Шрифт:
Интервал:
Закладка:
Одним из кричащих пороков того времени, который Диккенс едва замечает, был детский труд. В его книгах много раз показываются страдания детей, но страдают они обычно в школах, а не на фабриках. Подробное описание детского труда мы находим лишь в «Дэвиде Копперфилде», когда Дэвид моет бутылки на складе Мэрдстона и Грайнби. Это, не надо пояснять, автобиографический эпизод. Сам Диккенс десяти лет от роду работал на уорреновской фабрике ваксы на Стрэнде, и в романе все воссоздано так, как ему запомнилось.
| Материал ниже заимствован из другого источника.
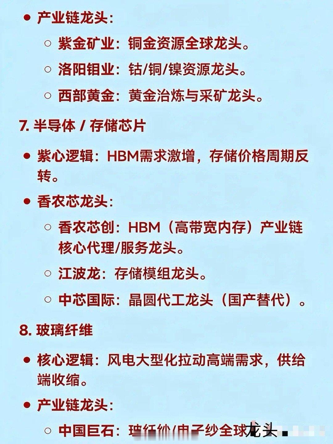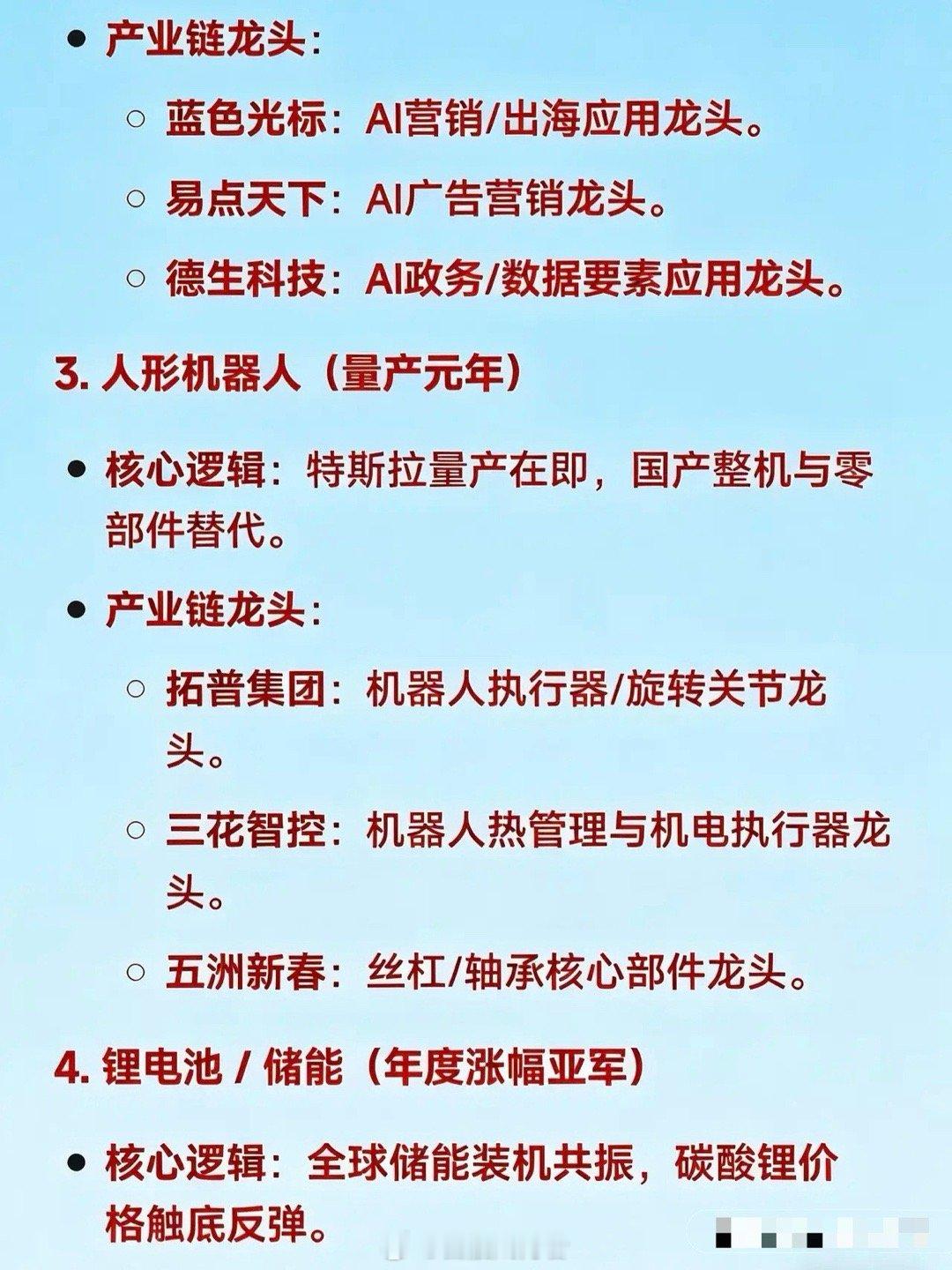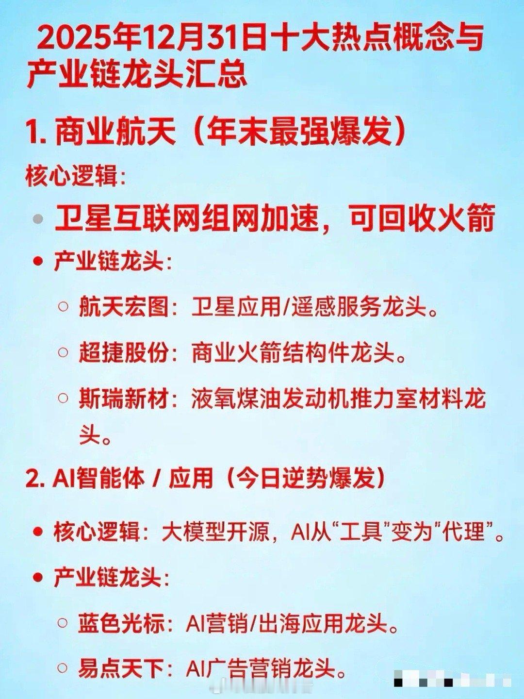 2025年12月31日十大热点概念及产业链龙头盘点,快来看看有没有你关注的领域:1. 商业航天(年末强势爆发)核心逻辑:卫星互联网组网进程加速,可回收火箭技术实现关键突破,行业迎来规模化发展契机。产业链龙头:• 航天宏图:卫星应用与遥感服务领域龙头,技术覆盖广、场景落地深。• 超捷股份:商业火箭结构件核心供应商,产品性能适配多型号火箭需求。• 斯瑞新材:液氧煤油发动机推力室材料龙头,为火箭动力系统提供关键支撑。2. AI智能体/应用(今日逆势走强)核心逻辑:大模型开源化推进,AI从工具属性向“智能代理”升级,应用场景加速落地。产业链龙头:• 蓝色光标:AI营销领军者,布局出海应用场景,技术与业务融合度高。• 易点天下:AI广告营销龙头,算法驱动精准投放,全球化服务能力突出。• 德生科技:AI政务与数据要素应用标杆,深耕民生服务场景数字化。3. 人形机器人(量产元年启动)核心逻辑:特斯拉量产计划临近,国产整机及核心零部件替代进程提速。产业链龙头:• 拓普集团:机器人执行器与旋转关节龙头,技术适配人形机器人运动需求。• 三花智控:聚焦机器人热管理与机电执行器,核心部件性能领先。• 五洲新春:丝杠、轴承等核心部件龙头,为机器人精密运动提供支撑。4. 锂电池/储能(年度涨幅亚军)核心逻辑:全球储能装机量共振增长,碳酸锂价格触底反弹,行业景气度回升。产业链龙头:• 宁德时代:动力电池与储能电池全球龙头,技术与产能规模双领先。• 阳光电源:储能逆变器及系统集成龙头,全球化布局优势显著。• 天际股份:六氟磷酸锂(电解液核心材料)龙头,受益于电解液需求回暖。5. 光模块/CPO(年度涨幅冠军)核心逻辑:AI算力需求爆发,全球800G/1.6T光模块升级潮来临,行业量价齐升。产业链龙头:• 中际旭创:光模块全球龙头,高速产品出货量领先。• 新易盛:高速光模块核心供应商,深度参与全球算力网络建设。• 天孚通信:光器件/组件龙头,产品覆盖全产业链关键环节。• 仕佳光子:PLC光分路器芯片龙头,技术壁垒高。6. 稀贵金属(资源牛市延续)核心逻辑:全球降息周期开启,美元走弱推动贵金属避险需求上升,叠加工业用金需求增长。产业链龙头:• 紫金矿业:铜、金资源储备与产能全球领先,多元化布局抗风险能力强。• 洛阳钼业:钴、铜、镍等关键金属龙头,受益于新能源产业链需求。• 西部黄金:黄金冶炼与采矿龙头,业绩与金价联动性高。7. 半导体/存储芯片核心逻辑:HBM(高带宽内存)需求激增,存储芯片价格进入周期反转通道。产业链龙头:• 香农芯创:HBM产业链核心代理与服务商,深度绑定上游芯片厂商。• 江波龙:存储模组龙头,产品覆盖消费级与工业级市场。• 中芯国际:晶圆代工国产替代龙头,先进制程与成熟制程同步推进。8. 玻璃纤维核心逻辑:风电大型化拉动高端玻纤需求,供给端收缩优化行业竞争格局。产业链龙头:• 中国巨石:玻纤纱、电子纱全球龙头,产能与技术优势显著。• 泰山玻纤:聚焦风电、电子级玻纤领域,产品附加值高。9. 自动驾驶/智能汽车核心逻辑:L3级自动驾驶逐步落地,端到端大模型上车加速,行业进入技术变现期。产业链龙头:• 华为汽车链(赛力斯/长安):智能驾驶解决方案龙头,软硬件一体化能力突出。• 四维图新:高精度地图与车规级芯片龙头,为自动驾驶提供核心数据与硬件支撑。10. 数据要素/数字经济核心逻辑:数据资产入表落地,国家级数据局推动数据流通体系建设,行业进入发展快车道。产业链龙头:• 易华录:数据湖与数据存储龙头,构建海量数据存储与运营生态。• 人民网:数据确权与内容风控龙头,在数据合规领域具备权威性。以上内容整理自公开信息,不构成投资建议,仅供行业趋势参考。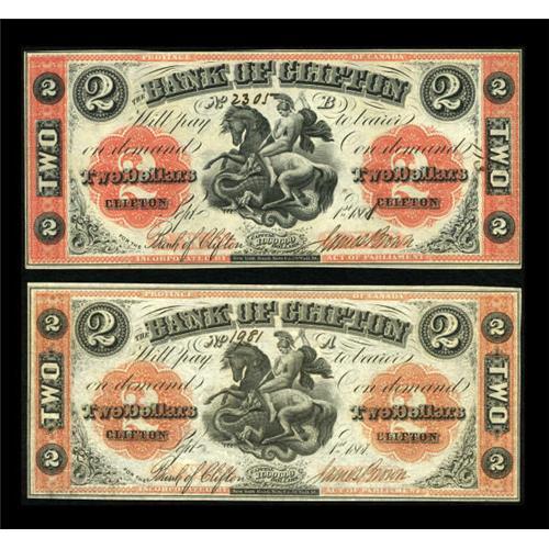 <B>Clifton, PC- Bank of Clifton</B></I> $2 (2) Sept. 1, 1861 Ch. # 125-12-10, 125-12-12<BR> A pair of the 1861 twos, one with the written "1" written over the date, the second with the date fully engraved. Both are <B>Uncirculated.</B></I><BR><I>From The Thomas M. Flynn Collection</B></I><BR><BR><b>Shipping:</b> Coins & Currency (<a target="_blank" href="http://www.heritageauctions.com/common/shipping.php">view shipping information</a>)

Эти воспоминания причиняли ему ужасную боль, отчасти потому, что свою работу на фабрике он считал унижающей его родителей, и собственной жене он рассказал о ней, лишь когда они прожили вместе долгие годы. Оглядываясь на ту пору, он пишет в «Дэвиде Копперфилде»: «Даже теперь мне кажется странным, что в столь юном возрасте я оказался среди отверженных. Я был ребенком, наделенным прекрасными способностями и сильно развитой наблюдательностью, живым, страстным, нежным, легкоранимым душевно и телесно; неужто, казалось мне, никто не возьмет меня под свое крыло? Но этого не случилось, и в десять лет я сделался крохотным старательным муравьем на службе Мэрдстона и Грайнби».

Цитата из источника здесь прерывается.